2013-04-04 / Telling It Like It Is

Telling It Like It Is

Can Bloomberg Really Smoke Out A Hard To Kick Habit?
By Dara Mormile

Drum roll please... Congratulations to Mayor Bloomberg for his Smoke Free NYC initiative's 10th year anniversary – celebrating a decade of fast-foodies, bar-hoppers and club-goers not being able to light up a cigarette inside any establishment.

I remember when the smoking ban went into effect 10 years ago. First, many were apprehensive that it would hurt businesses – after all, what fun is going to a restaurant and not being able to spend an extra 15 minutes at your table having a post-meal puff? Being able to take a few drags at your local pub was part of the “scene.” Some business owners feared patrons wouldn't stay as long – or go to their establishment at all – knowing they couldn't enjoy their nasty habit.

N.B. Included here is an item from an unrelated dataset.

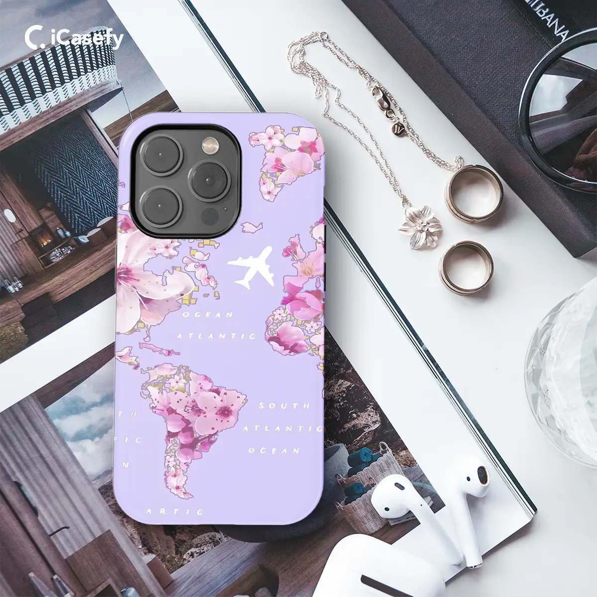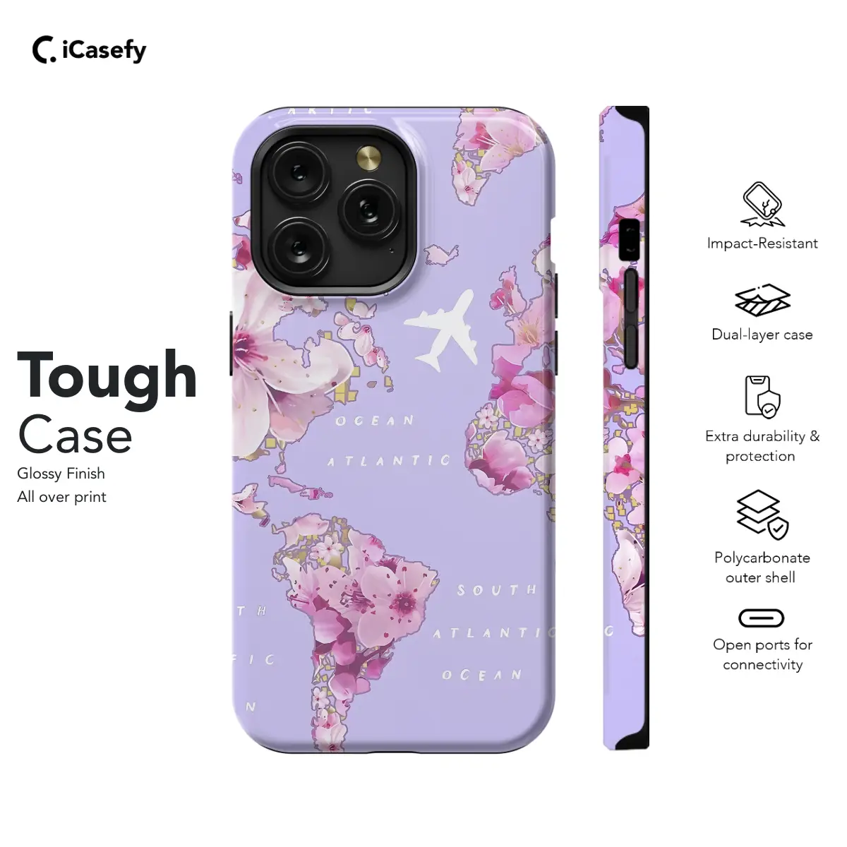Escape to distant shores with our Seamless Lovely Floral Travel Map Phone Case! Embellished with a charming floral print, this case transports you to faraway places, from the Atlantic Ocean's depths to the soaring heights of commercial planes. Its seamless design effortlessly blends style and protection, safeguarding your device as you embark on your next adventure.

On the flip side, people like myself who don't smoke were thankful for this new ban, as it would result in cleaner air and you wouldn't come home from a bar smelling like an ashtray. I didn’t support the ban 10 years ago only because I didn’t feel that smokers should be ostracized just because of their disgusting lifestyle. Yeah, cigarette smoke smells awful and discolors things as it infiltrates your hair and clothes, but I don’t have to be around it 24 hours a day. However, I don't think Bloomy's statement, made at a bar last week, holds too much statistical truth. Media outlets quoted him as saying, “Ten years later, fewer New Yorkers are smoking, we are living longer, our industries are thriving and nobody longs for a return to smoke-filled bars and restaurants."

I also don't think the Smoke Free NYC initiative has necessarily stopped people from puffing on those cancer sticks. While statistics note that smoking related deaths have declined, our city – in general – is being forced, not encouraged, to try to give up the awful habit.

Raising the price of cigarettes obviously diverts smokers who might be on a budget and they might have to rethink how to finance their habit. They might smoke less often to conserve cigarettes, but quitting completely? From the few people I know who smoke, the numerous bans and other anti-cigarette campaigns haven't really deterred them from the vice they've enjoyed since a young age. Deciding to quit on your own and being threatened by your doctor that your life is in jeopardy are two very different reasons to stop smoking.

How do you like the Health Department's anti-smoking ads with 'victims' showing off their Laryngectomy (the surgical procedure in which a doctor cuts a hole in the throat to remove cancerous tissue)? Or the ads showing a woman's finger stumps as a result of multiple amputations. Surely you'll put down that smoke when you hear the commercial featuring that middle-aged man practically hacking up his lungs at his kitchen table. How do we know if all of these efforts actually worked or if everyone had their own personal reason for choosing or having to quit?

I hope the statistics and reports are true – that all these campaigns and bans have influenced and forced people to quit.

But, if fewer people are smoking and Hizzonor is content with the ban's success, then why did he try to implement a system where shop owners would have to hide their smokes from clear view behind a store counter? If you're a smoker who can't beat the addiction and you need that daily or weekly pack – you're going to go to the store for those cigarettes – regardless of whether they're under the counter, in the stock room or on the roof!

Ten years later, Daddy Bloomberg still doesn't seem happy with our progress. The ban hasn’t deterred people from smoking outside restaurants and bars – it will simply deter them from lighting up for an hour or so while they're in that environment. One of my friends leaves whatever restaurant we're dining in for a good 10 minutes so she can have a post-meal puff. Some people can wait until they leave a bar, club or restaurant to have their smoke – but for many who have been smoking for decades, it's not a reason to quit completely.

My father, God rest his soul, smoked until the day that he died, even though he had cancer. When he was in decent health, we would go out to eat and he couldn't wait to go outside and light up. Just because he was diverted from smoking while we were at dinner, he wasn't encouraged to quit.

Plenty of people can be seen outside of a diner or club lighting up – so, in the end, what has the ban accomplished? These days, there are plenty of people dying in their 50s and 60s – whether it's from smoking or not.

I agree, there may be fewer people smoking than there was over 20 or 30 years ago, but that seems to be a matter of personal choice and physician's threats that one's health is in jeopardy. And let's get real! We know more about the dangers of smoking now than we did in the past – it's not a glamorous habit that we want to emulate from the 1940s, with Bette Davis or Humphrey Bogart looking like they could never die from emphysema.

If you're a smoker and you're thinking of quitting – who are you going to thank? Baby Bloomy or your pure disgust with how cigarettes have ruined your health and your life? Either way, to me the 10-year celebration can go up in smoke.